The Case Against Trauma Porn

Something that has always bothered me is the circulation of the so-called ‘Trauma Porn’ depicting graphic violence. More often than not, I come across these videos and images without ever looking for them, whether it’s sent to me without warning or I come across it whilst scrolling on social media, it’s always unwarranted. From the Rohingya genocide to Palestine-Israel tension, one thing is certain with these videos, they evoke an emotional reaction, which usually leads to people clicking off or sharing the video further.

However, I’ve only recently come across the term ‘Trauma Porn’, a phrase that is commonly used to refer to trauma being exhibited through visual, audio, or written media in order to generate a reaction from the consumer of said media. Trauma Porn tends to be distributed under the guise of raising awareness of atrocities happening around the world. But I’m not the only one who has a problem with Trauma Porn, many people have expressed their dislike towards this method of bringing attention to an issue. What I really want to know is will seeing images and videos really make us more likely to help people or does it just desensitize us to violence?

I spoke to Jo O’Reilly, Deputy Editor and Privacy Advocate at ProPrivacy about Trauma Porn, here’s what they had to say; “While the expression ‘trauma porn’ might be a relatively new one, but the existence of shocking images – usually of othered bodies – are nothing new.”

Photo by ROBIN WORRALL on Unsplash

On the prevalence of Trauma Porn on social media, “Today it’s becoming virtually impossible to scroll through social media without running into something that could be described as trauma porn. Whether it’s the suicide of Russian teens, the tiny bodies of babies murdered with chemical weapons in Palestine or Syria, or Black American teenagers being shot at by those employed to protect and serve them, distressing content is everywhere. It’s become almost unavoidable.”. 

I also spoke to an engineering student who says that unwanted videos being sent to her on WhatsApp has changed how she interacts with people on group chats. “I think it’s the worst possible way you can get your point across, it just scars you when there are so many other things you can do. You can’t just force someone to see something they don’t want to. It’s happened to me so many times, it has even forced me to leave group chats because of it. You might be okay with this but it doesn’t mean anyone else is. I just think it’s really selfish.”

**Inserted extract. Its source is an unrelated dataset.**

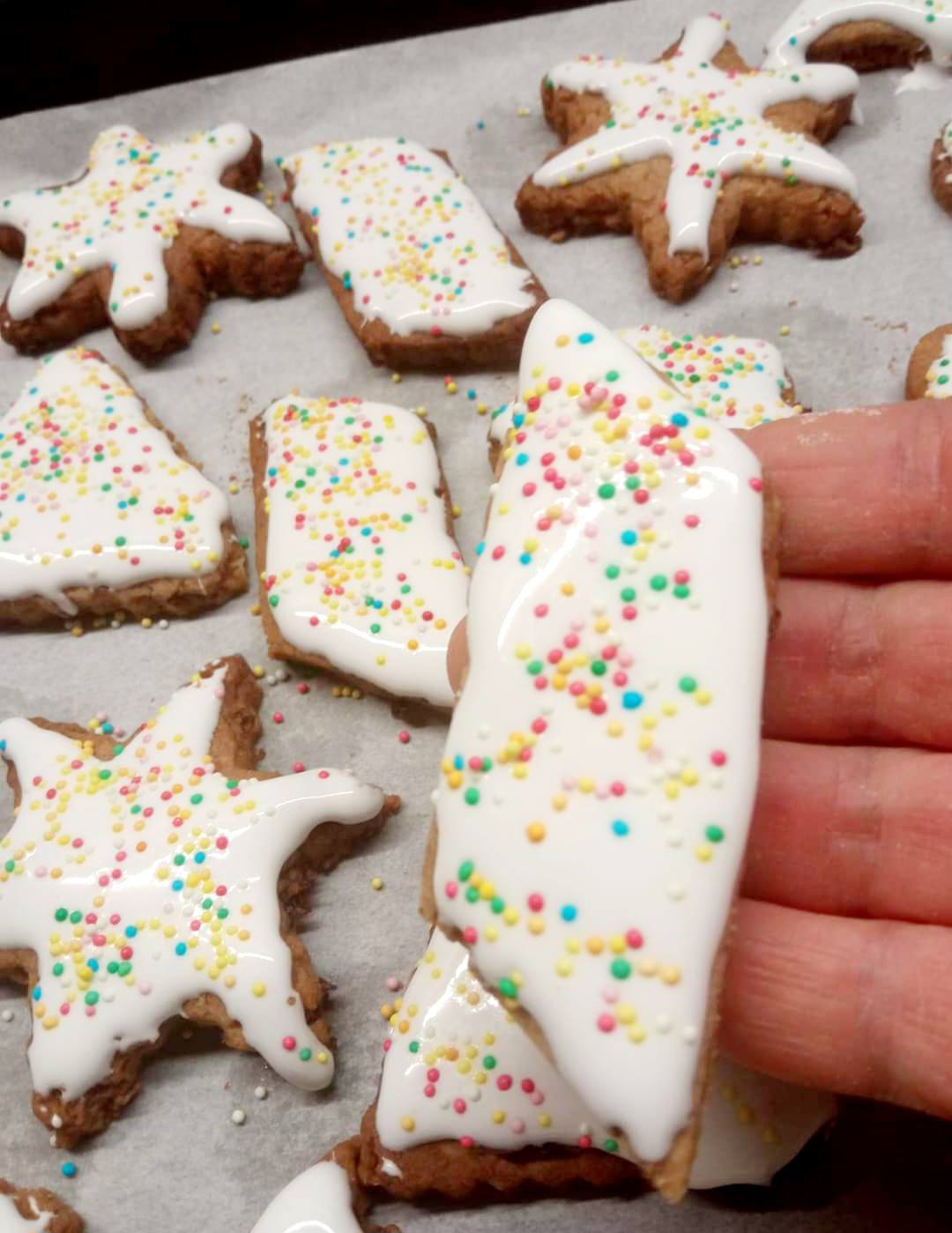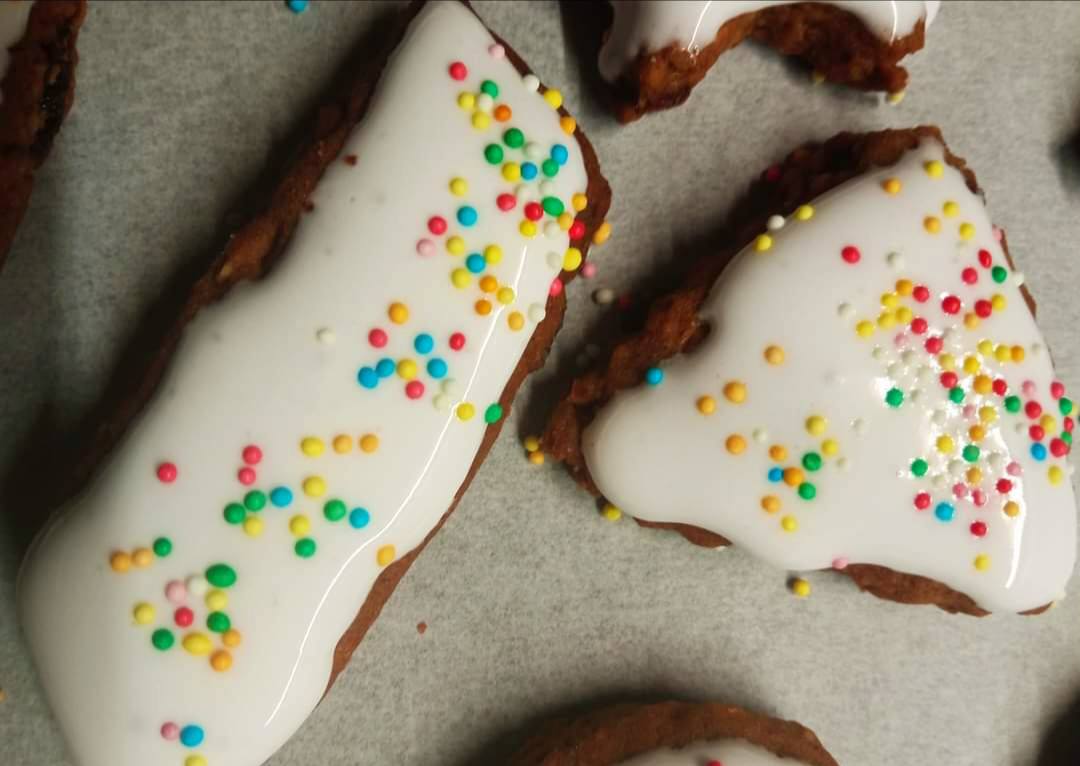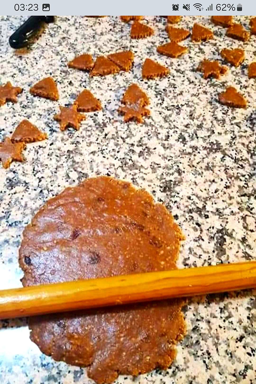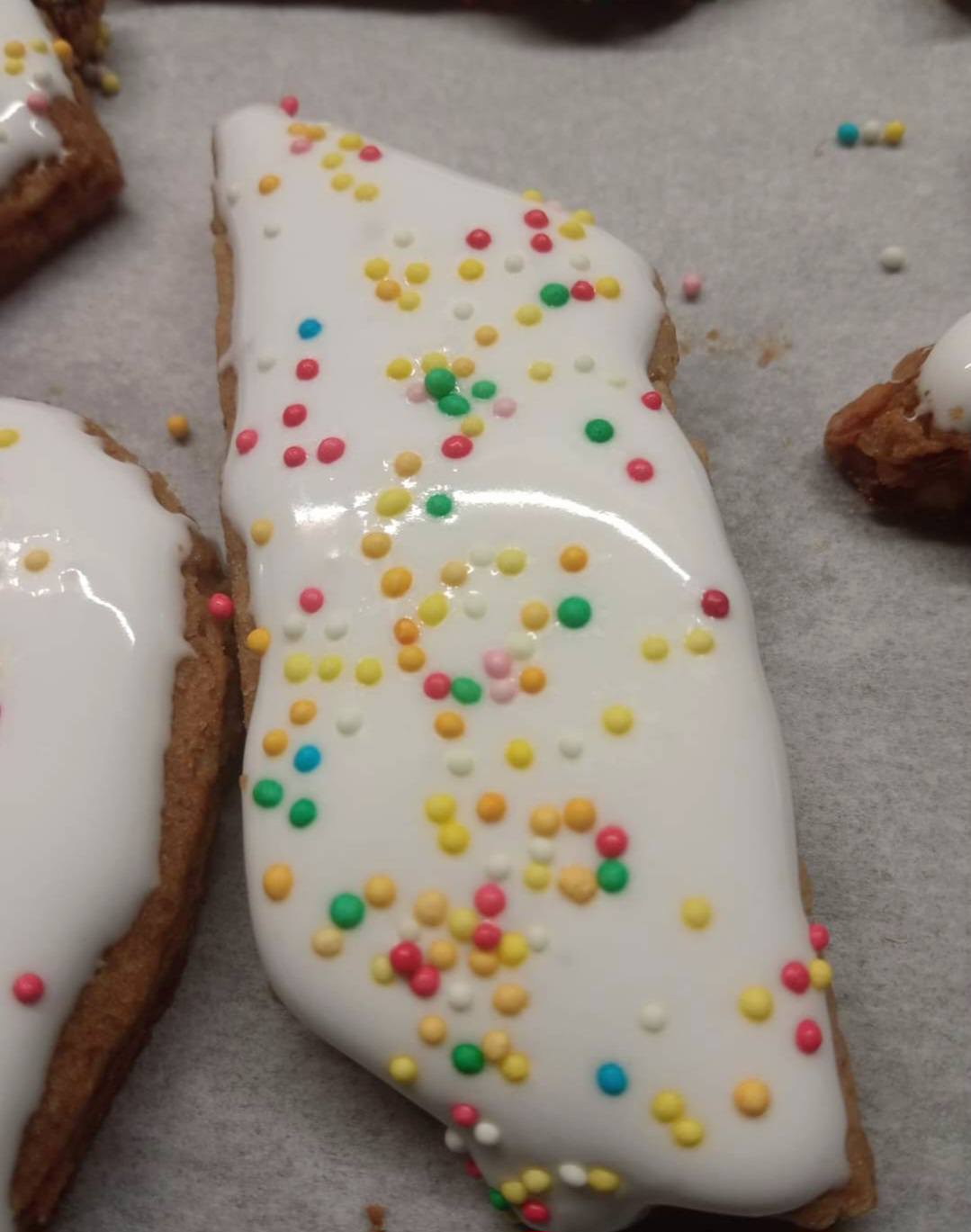 Prenderne un po’ per volta, formare dei piccoli filoncini e poi tagliarli a piacimento a mano o con formine.( la forma originale a rombo). Forno caldo 180 per 8/ 10 minuti. Lasciare raffreddare e coprirli con la cappa e decorare con diavoletti .

So what is it about these videos that keeps them in circulation, despite our aversion to the violence they display? A major argument for the use of violent imagery is that it allows people who aren’t affected by the violence in question to sympathise with the victims of violence. 

Residing in the UK, it can be difficult to understand the full effects of living in areas of danger has on people. Most of us will never know what it’s like to grow up in a war zone, or drought-affected land. Theoretically, the circulation of these videos increases our compassion for people in these areas, which is a massive positive. Now we are more aware of the horrific events happening around, this may actually have adverse effects such as PTSD and Compassion Fatigue.